The codes and standards dictate the minimum requirements and give general guidance for design and construction; any extension beyond the minimum code requirement will be determined by agreement between the manufacturer and customer.

  • Design Codes for Pressure Vessels: The standard used in North America (and most commonly referenced internationally) is the ASME Boiler and Pressure Vessel Code. It contains twelve sections. Most chemical plant falls within the scope of Section VIII Division 1.

    The design guidelines as given by Bureau of Indian Standards in IS 2825 is stipulated to be used in India.

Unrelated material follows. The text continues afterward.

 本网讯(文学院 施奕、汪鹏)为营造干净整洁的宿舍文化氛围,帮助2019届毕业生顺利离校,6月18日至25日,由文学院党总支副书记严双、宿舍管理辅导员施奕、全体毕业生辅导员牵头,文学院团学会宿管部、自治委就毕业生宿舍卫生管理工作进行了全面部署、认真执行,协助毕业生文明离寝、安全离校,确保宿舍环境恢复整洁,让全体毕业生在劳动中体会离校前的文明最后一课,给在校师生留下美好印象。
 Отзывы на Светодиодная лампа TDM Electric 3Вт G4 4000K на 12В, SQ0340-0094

  • Design Codes for Storage Tanks: American Petroleum Institute’s: API-650 (Older code was API-12C), API-620. Indian Code: IS-803

  • Commonly Used Materials:

    • Specified in terms of UNS / ASTM / IS code numbers.

    • Plate Materials:

      • Mild steel: A 36, A 283, A 515 / A 516 Gr 60/70 (for pressure vessels), IS 2062, IS 2002 (for pressure vessels)

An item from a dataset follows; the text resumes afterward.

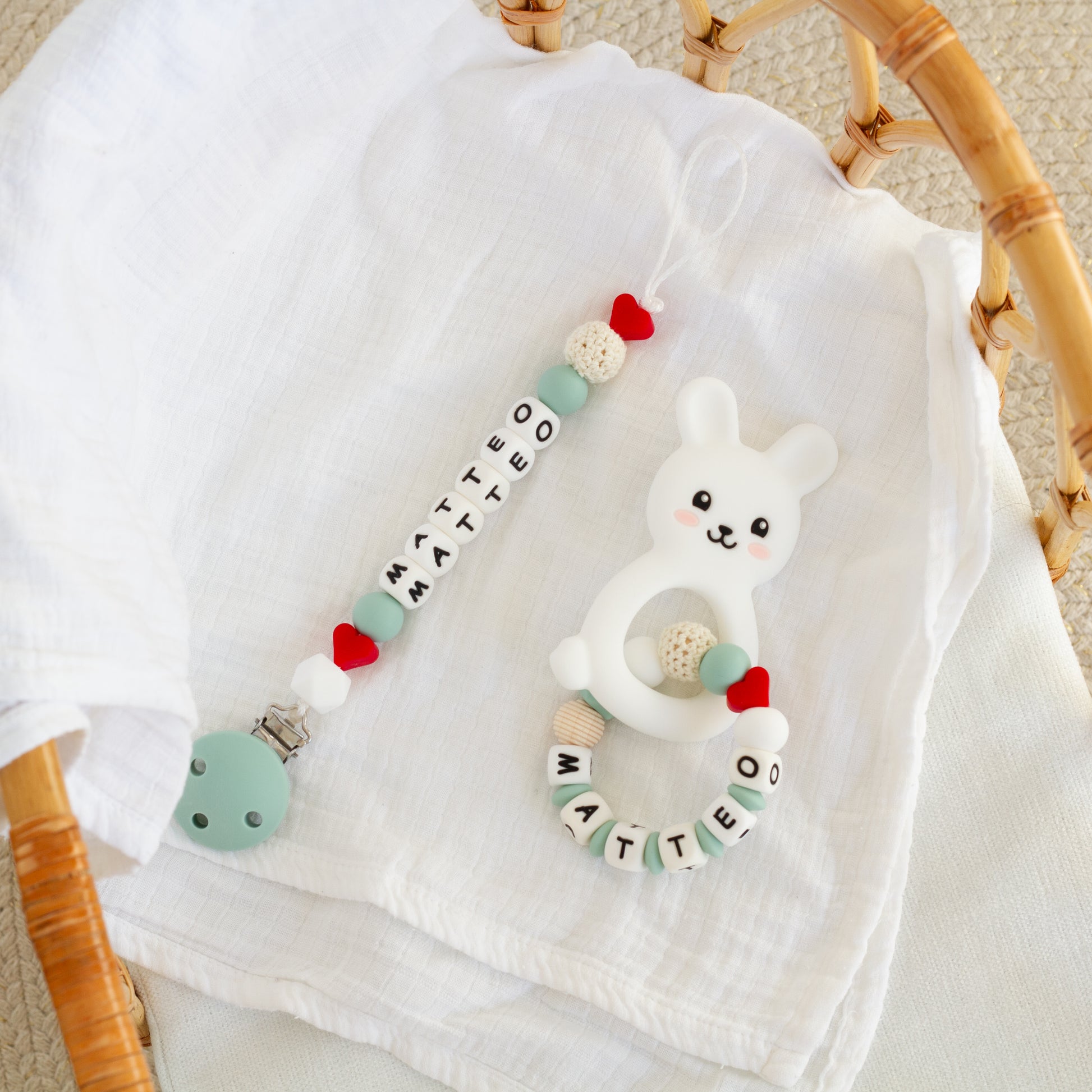 Notre coffret duo se compose d'une attache tétine et d'un anneau de dentition.

      • Stainless steel: 304, 316, 304L, 316L. L refers to the low carbon steels.

    • Pipe Materials: A 106, IS 1239

    • Forgings: A 105

  • Design Pressure: For vessels under internal pressure, the design pressure (sometimes called maximum allowable working pressure) is taken as the pressure at which the relief device is set. This will normally be 5 to 10% above the normal working pressure.

    Vessels subject to external pressure should be designed to resist the maximum differential pressure that is likely to occur in service. Vessels likely to be subjected to vacuum should be designed for a full negative pressure of 1 bar.

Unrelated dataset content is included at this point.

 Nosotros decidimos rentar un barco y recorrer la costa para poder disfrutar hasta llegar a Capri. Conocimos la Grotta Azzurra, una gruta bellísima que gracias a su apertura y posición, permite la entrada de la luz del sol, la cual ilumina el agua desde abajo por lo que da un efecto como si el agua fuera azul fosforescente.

  • The criteria used in establishing the allowable stresses in the ASME code
    Allowable stress is the lowest value of stresses obtained from:

    • 25% of the specified minimum ultimate tensile strength at room or operating temperature,

    • 62.5% of the minimum expected yield strength for 0.2% offset at room or operating temperature.

    • Many engineers use a “factor of safety” of 3 for structural steel and a factor of safety of 6 for gray cast iron, based upon the ultimate strength, when designing structural parts. \[\text{Allowable stress} = \frac{\text{ultimate strength}}{\text{factor of safety}}\]

  • Joint Efficiency

    No radiography 70%
    Spot radiography 85%
    100% radiography 100%


    Joint efficiency is 100% for seamless heads.

  • Thickness calculation using code formulas:

    Circumferential, longitudinal and radial stresses are acting due to internal pressure of the vessel. Thickness calculation is as per the controlling stress acting on the part of the vessel. Simple formulas as given earlier (Eqns.1, 2, & 3) ignores the radial stress. Whereas, Codes recognizes that the radial stress may not be negligible, and adjustments have been made in the appropriate formulas. The following are as per ASME Sec VIII Div 1.

    • Cylindrical Vessels:

      • Circumferential stress (Longitudinal joints) \[t = \frac{PR}{fJ-0.6P} = \frac{PD}{2fJ-1.2P}\]

      • Longitudinal stress (Circumferential joints) \[t = \frac{PR}{2fJ+0.4P} = \frac{PD}{4fJ+0.8P}\]

    • Spherical Vessels: \[t = \frac{PR}{2fJ-0.2P} = \frac{PD}{4fJ-0.4P}\] where \(R\) is the inside radius; \(D\) is the inside diameter.

  • A cylindrical vessel under internal pressure tends to retain its shape in that any out of roundness or dents resulting from shop fabrication or erection tend to be removed when the vessel is placed under internal pressure. Thus any deformation resulting from internal pressure tends to make an imperfect cylinder more cylindrical. However, the opposite is true for imperfect cylindrical vessels under external pressure, and any imperfection will tend to be aggravated with the result of possible collapse of the vessel. For this reason, a given vessel under external pressure in general has a pressure rating only 60% as high as it would have under internal pressure.